И не просто в вечном движении. Какая-то замкнутая система. Все строго спланировано и компактно, как его почерк. Как хороший кожаный чемодан в зале аэропорта, тщательно запертый и ожидающий отправки, только вот место назначения на ярлыке никак не разобрать. Или, если удается подойти поближе и все-таки разобрать, оказывается, место это на противоположном краю света и ты о таком никогда и слыхом не слыхала. Поначалу я сочла эту его особенность весьма привлекательной. Что не можешь его до конца прочесть, понять, что, разумеется, означает, что ты с самого начала знаешь – это не может длиться долго, он тут лишь мимоходом. Понимаешь, что он на самом деле в разводе со всем и вся (а не только в буквальном смысле). Без дома, постоянно – посреди Атлантики или на другом ее берегу, хоть и пытается оставаться англичанином, сохранить акцент и манеру выражать свои мысли по-английски, всегда как бы ставя в кавычки попадающиеся в его речи американизмы; да еще этот его поразительный занюханный патриотизм… я порой думала, его отношение к собственной стране сильно отдает рекламой «Посетите Британию!»: как хорошо посидеть с картинными старыми болтунами в деревенском пабе с дубовыми балками под потолком, опрокинуть по кружке эля. Я по-подлому издевалась над ним за это, ехидная стервочка образца семидесятых: если он так обожает свою Англию, с чего это он здесь обосновался?

Вот на этом мы так никогда и не сошлись. Я ведь не из деревни (и слава богу, добавляет она) и никогда ее не любила. Его возмутило, что я с ходу не запрезирала Лос-Анджелес. Не захотела немедленно вернуться в эту паршивую пустыню Мохаве.

И еще – Тсанкави. О господи! Но об этом я сейчас не могу.

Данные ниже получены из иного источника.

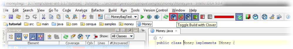 In order to track the code coverage of your projects, Clover must insert special code into your program at compilation time - called instrumentation - to record this coverage. When Clover is enabled on your project, Clover will automatically perform this task for every file you compile in the project. You can tell Clover not to instrument your project by clicking "Toggle build with Clover" button (on a main bar).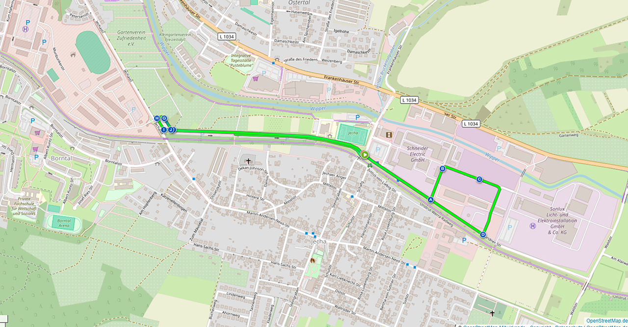 Die wegen Baumaßnahmen angepasste Strecke verläuft über einen abgesperrten Rundkurs entlang der Panzerstraße sowie im Bereich der Firma ELSO, der Kurt-Lindner-Straße und der Waldstraße (kleinere Änderungen vorbehalten).
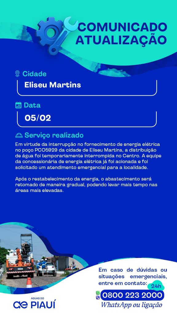 A Águas do Piauí é a responsável pelos serviços de abastecimento de água e esgotamento sanitário nos 224 municípios do Piauí.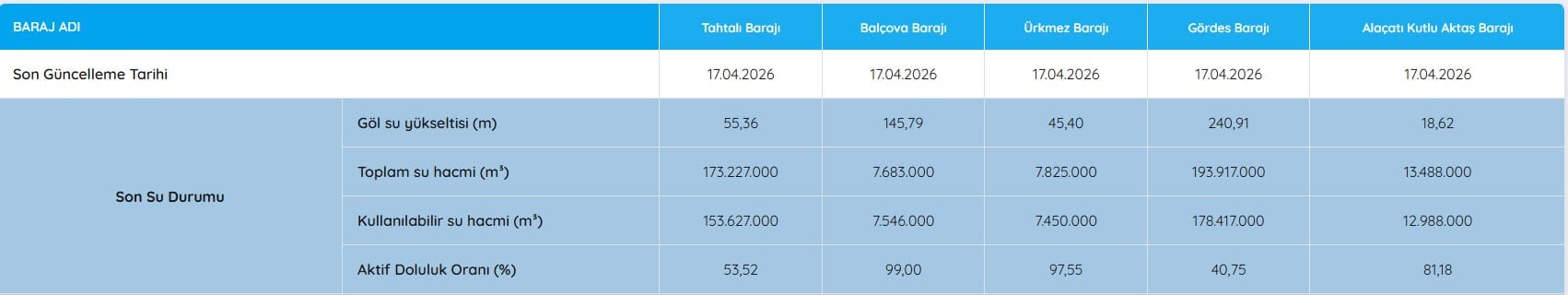 İZMİR BARAJLARINDA SON DURUM (İZSU VERİLERİYLE)17 Nisan 2026 itibarıyla İzmir’e su sağlayan barajlardaki doluluk oranları şöyle: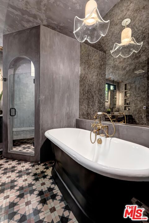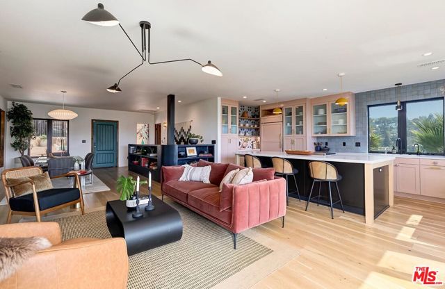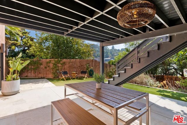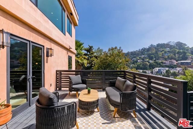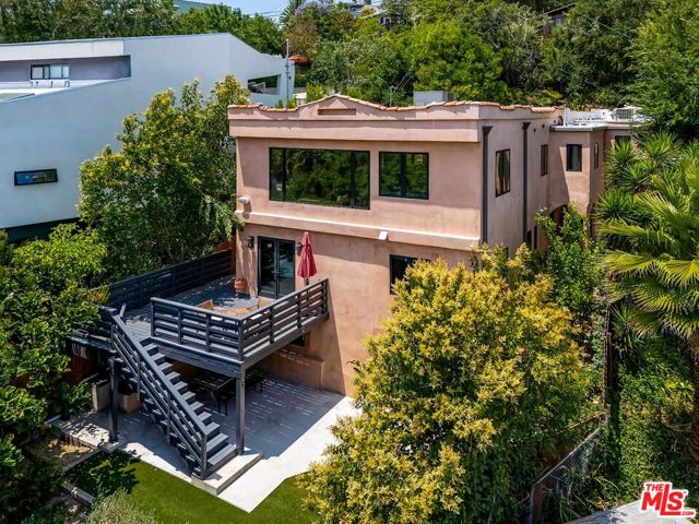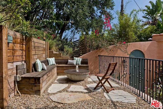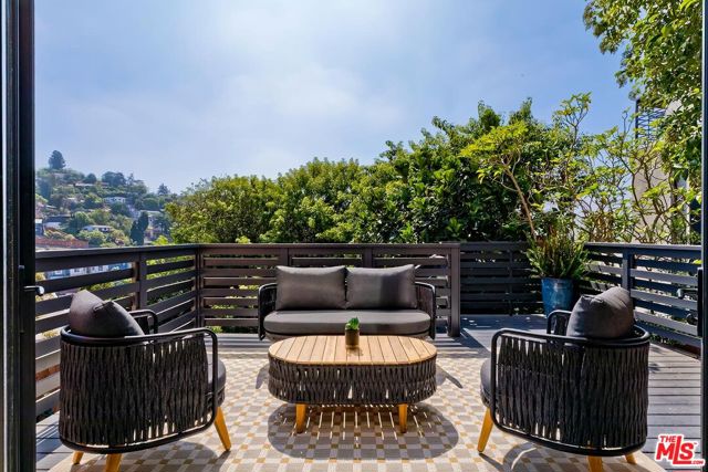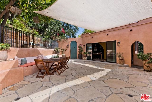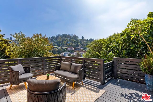Behind a private arched entry, this discreet hillside compound by Vidal Design Collaborative blends Spanish Revival charm with refined modern updates. Fully renovated in 2021, the home layers art deco accents with contemporary comforts, creating a retreat that is both stylish and highly functional. An expansive multi-level courtyard with fire pit sets the tone for year-round entertaining, while a converted garage provides the ideal setting for a home office, studio, or gym. Inside, the main level features wide-plank European oak floors, curated lighting, and a custom kitchen with premium appliances and tailored finishes. Large windows frame hillside views, while a flexible bedroom or office with en-suite bath adds convenience and versatility. The lower level is anchored by a serene primary suite with bespoke cabinetry and a spa-like bath appointed with heated floors, a cast-iron soaking tub, and designer fixtures, complemented by a second en-suite bedroom for family or guests. On the garden level, a fully permitted ADU with private entrance provides rare flexibility; most recently generating $3,500 per month in income, it can serve equally well as a rental, guest quarters, or multi-generational living space. Outdoors, a landscaped backyard and terraced areas offer privacy and calm, perfect for gardening, dining, or simply enjoying nature. Tucked in Franklin Hills between Silver Lake and Los Feliz, this residence combines architectural pedigree, flexible living, and a true sense of privacy in one of Los Angeles' most sought-after enclaves.

Помню один день, в самом начале, то есть это, собственно, была ночь, он впервые заговорил о своем загородном пристанище, там, дома. Все время, пока он его описывал – пейзажи, Девон, природу и животный мир, – рассказывал о своем детстве, мол, именно поэтому Торнкум столько для него значит, я ощущала за всем этим что-то другое. На самом-то деле ему вовсе не так этот дом нужен, как повод говорить обо всем этом. Он там практически и не живет никогда, это что-то вроде хобби, вещичка, которую он приобрел по дороге, отыскивая путь к себе самому, настоящему. О чем он и сам, разумеется, знает; или, пожалуй, – поскольку он боится показать, что не хочет видеть собственных парадоксов, как хороший шахматист боится подставить ферзя, – он полагает, что знает. Он сам так сказал, когда мы говорили о «Гражданине Кейне»{30} (он вполне может это поправить, если я что-нибудь не так поняла); говорил, какой мастерской уловкой оказался символизм «Розового бутона»{31} и что наихудшим выражением продажности продажных создателей продажного искусства оказалось представление, что чистоту и невинность можно вернуть, купив за деньги. Все равно как пожертвования местному священнику от мафии: словно это могло бы спасти жертвователя, если бы Спаситель действительно существовал и действительно вершил свой суд. Я не могла тогда признаться ему, что не понимаю, каким образом объективное отношение к собственной псевдоферме должно способствовать отпущению его собственных грехов.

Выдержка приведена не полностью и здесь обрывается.